Что тут говорить! Я очень и очень сомневаюсь, имели ли вы когда-нибудь в жизни таких бескорыстных друзей. И навряд ли будете иметь. Потому что Берэлэ рано ушел от нас.
О его последних днях я много рассказывать не собираюсь. И потому, что я все это знаю с чужих слов, и потому, что у меня при этом портится настроение.
Берэлэ стал одной из шести миллионов еврейских жертв фашизма. И если все эти шесть миллионов хоть отдаленно были чем-то похожи на моего друга, то я никак не понимаю, как это выдержал земной шар, который продолжает по-прежнему вертеться, как ни в чем не бывало, а солнце так же всходит каждое утро, ни разу не покраснев. Уму непостижимо!
Отец Берэлэ, грузчик Эле-Хаим Мац, был человеком небогатым, простым работягой и не сумел, как другие, с легким сердцем оставить свое жалкое добро. Он не убежал из города, когда подходили немцы, не смог расстаться со своей халупой и сараем. Очень трудно они ему достались. И потому лежит сейчас в большом противотанковом рву, поросшем молодым лесом, рядом со своей женой Саррой-Ехой, у которой был низенький лоб, доставшийся по наследству моему другу, усы и даже бакенбарды. С ними лежит сестра Берэлэ — Хана, которая установила перед войной рекорд города в метании диска, и он сам — великий маленький человечек, гибель которого теперь так остро чувствует вся земля.
Из всей семьи остался только старший брат Гриша Мац — гигантского и красивого сложения парень, который своими бицепсами прославил наш город до войны на соревнованиях по штанге. Но и он ненадолго пережил своих родных.
Гриша был на войне танкистом, механиком-водителем. Когда освободили от немцев наш город, он буквально на второй день явился туда весь в орденах и медалях и все часы, отпущенные ему начальством на свидание с семьей, потратил на то, чтобы узнать, как это произошло. И узнал. Нашел очевидцев, и они все подтвердили.
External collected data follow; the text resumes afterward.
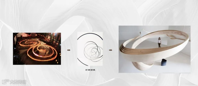 艺术装置吊灯宛如舞动艺术家手上舞动飘带,贯穿整个整个空间的设计打破了人们对坡顶建筑内部抬梁式结构的固式思维,层层递进,宛若交响乐章旋律一般,顺势向上彰显的生命的力量。
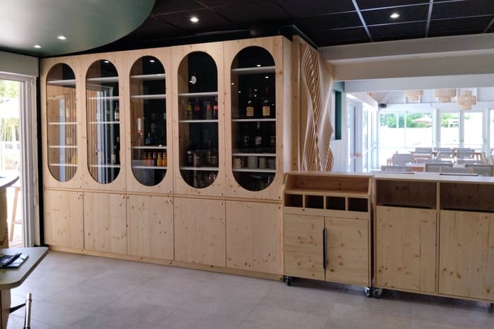 - La banquette, dotée d'une façade cintrée replaquée en épicéa, crée une atmosphère accueillante et conviviale
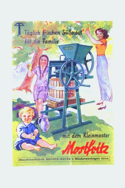 Frischer Süssmost. Werbeflyer für den Mostfritz von Bucher-Guyer, Niederweningen. Obstbau.
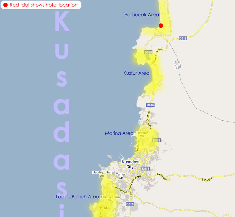 Selcuk 8 km, Kusadasi 10 km. Izmir Adnan Menderes Airport 75 km. Near ruins, private beach.
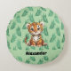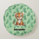 Almofada Redonda Tigre de desenho animado em folhas tropicais
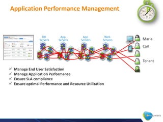 The document discusses the critical aspects of application performance management (APM) in cloud environments, highlighting lessons learned from both private and public clouds. It emphasizes the importance of end-user experience, the relative nature of time and resources in cloud contexts, and the necessity of effective APM strategies to manage costs and optimize performance. Key takeaways include the uniqueness of private versus public clouds, the challenges of rapid elasticity, and the focus on operational costs rather than just resource allocation.
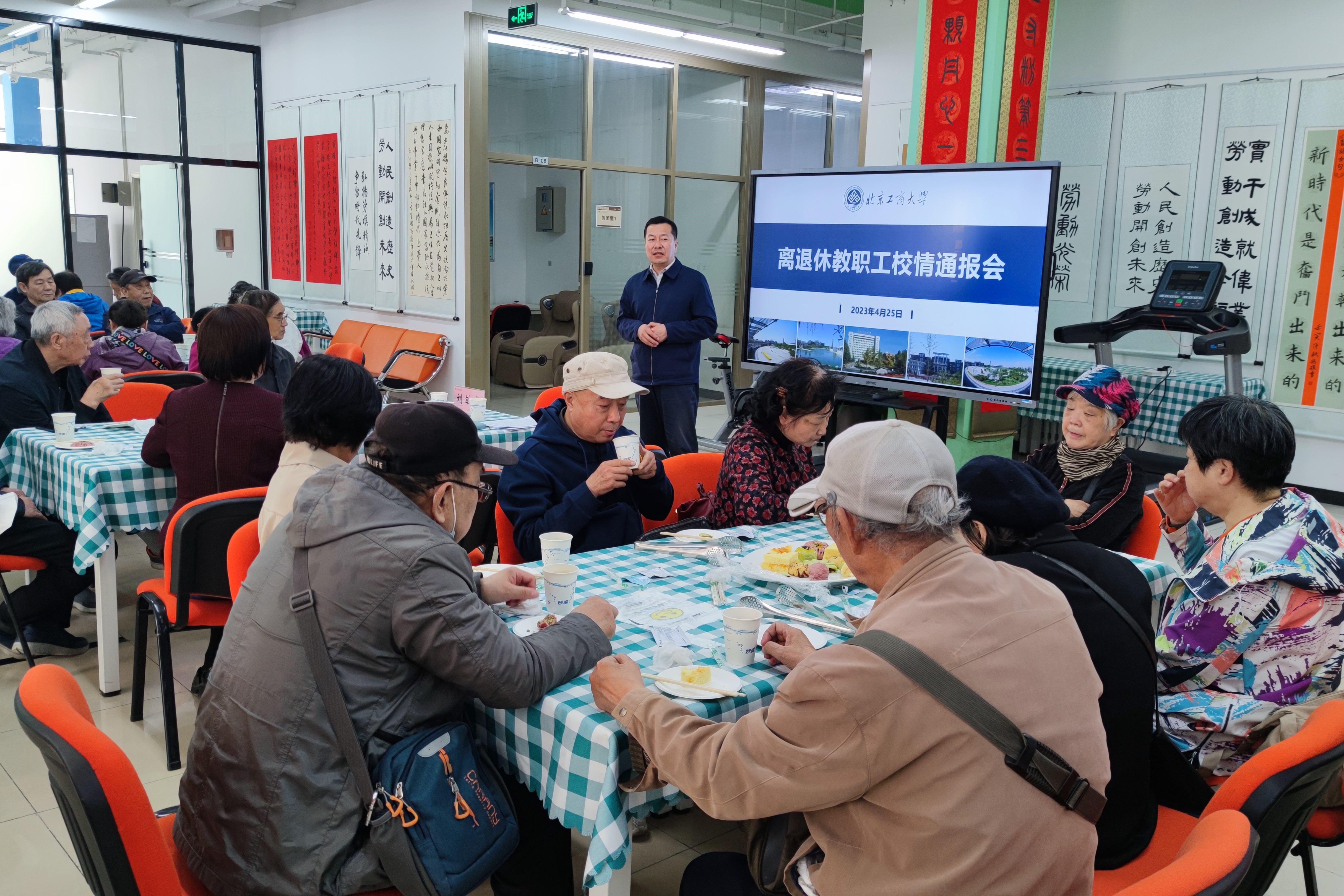 4月25日,學(xué)校在良鄉(xiāng)主校區(qū)召開2023年離退休教職工校情通報(bào)會(huì)。學(xué)校黨委常委、副校長(zhǎng)劉敏華出席會(huì)議并向老同志通報(bào)學(xué)校情況。離退休黨委、校院兩級(jí)關(guān)工委以及各黨支部、社團(tuán)等代表40余人參加會(huì)議。會(huì)議由離退休黨委書記楊巧明主持。
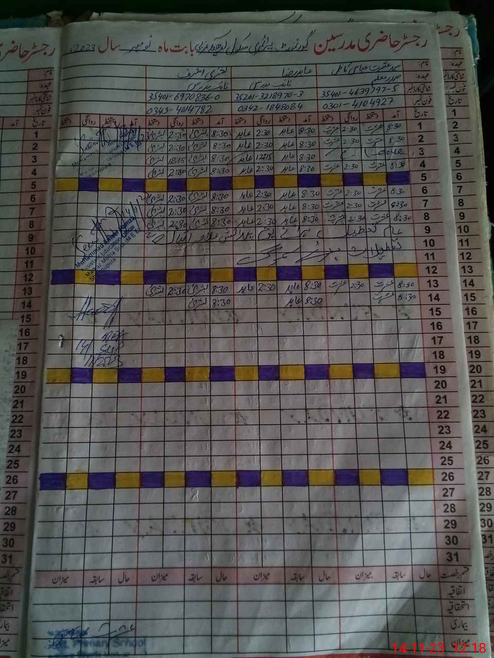 | Name: Sa**** Al**** Designation: (School Headmaster's/Headmistress's) PST Phone/Cell Number: 03**** |
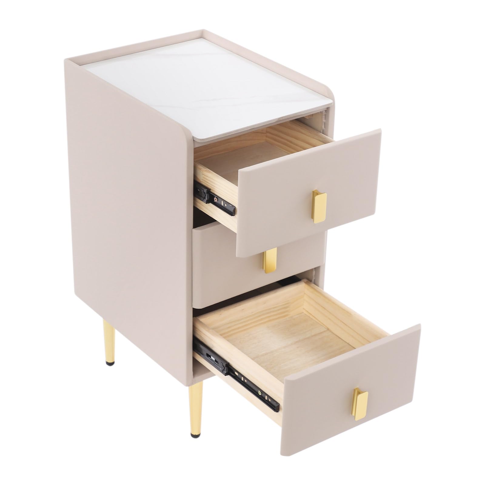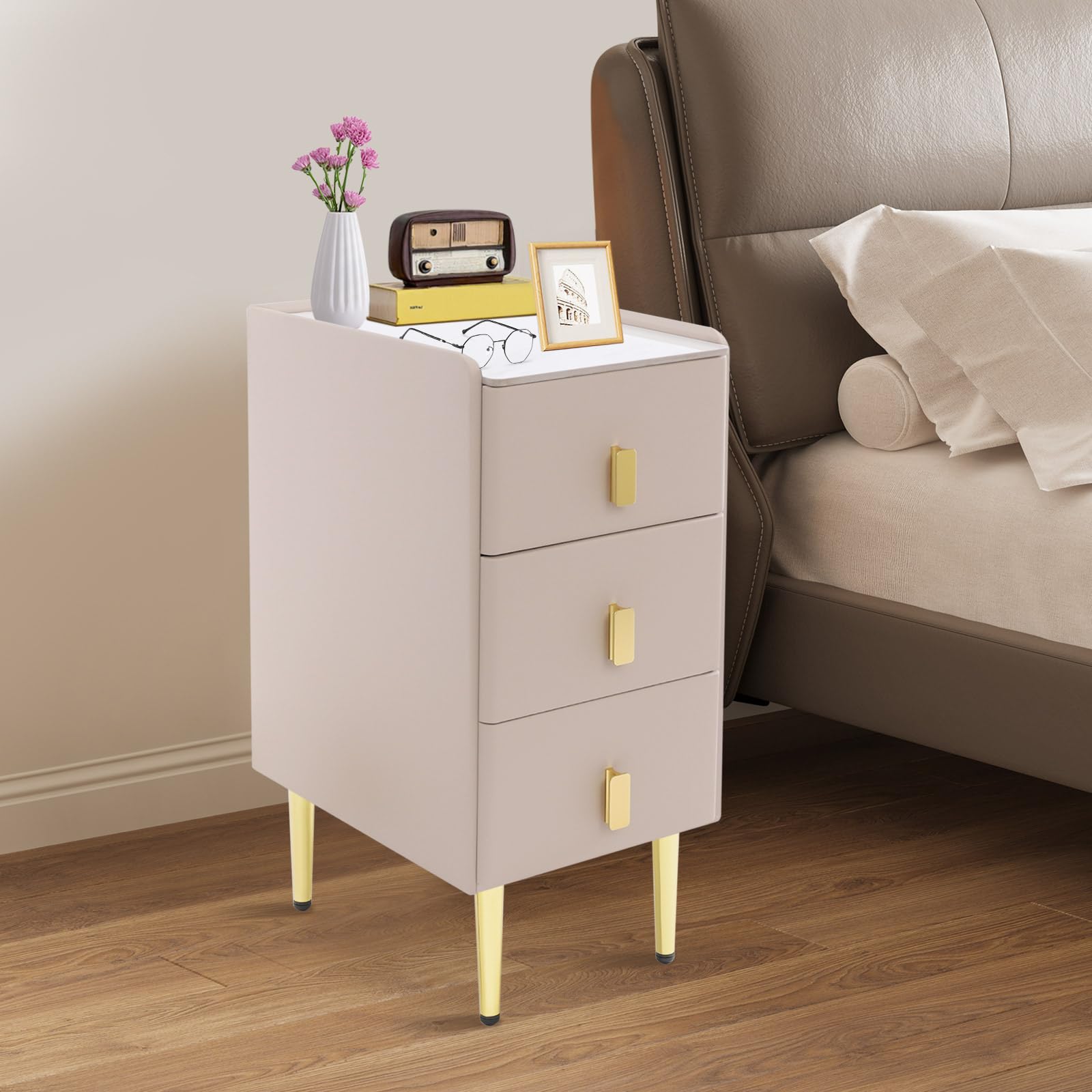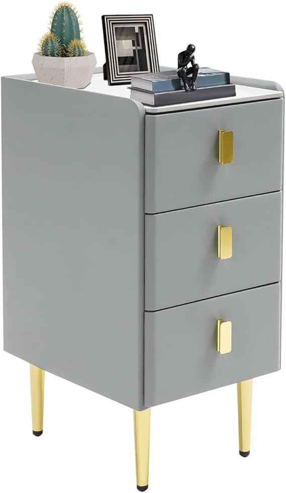 This compact nightstand combines functionality with modern design, perfect for bedrooms, entryways, or dorm rooms. Featuring durable PU leather construction and sturdy metal legs, this bedside cabinet offers reliable storage while maintaining a sleek profile.

И как рассказывают, у Гриши Маца стало черным лицо. Он не заплакал. На Инвалидной улице мальчики после десяти лет уже не плачут. И молча ушел от пепелища и поехал на попутных грузовиках догонять свой полк. Люди рассказывают, что товарищи его, танкисты, сразу не узнали своего механика-водителя. Он молчал, сколько ни тормошили его. И в глазах у него светилось что-то нехорошее. Его бы в госпиталь, тогда и он, может быть, остался бы жив. Но начинался штурм Кенигсберга, и танки двинулись на позицию. По дороге им попалась встречная колонна немецких военнопленных, которых вели под конвоем в тыл. Когда обе колонны поравнялись, один танк Т-34 вдруг вырвался из строя и ринулся на немцев, давя людей, наматывая руки и ноги на свои гусеницы. Этот танк вел механик-водитель Гриша Мац.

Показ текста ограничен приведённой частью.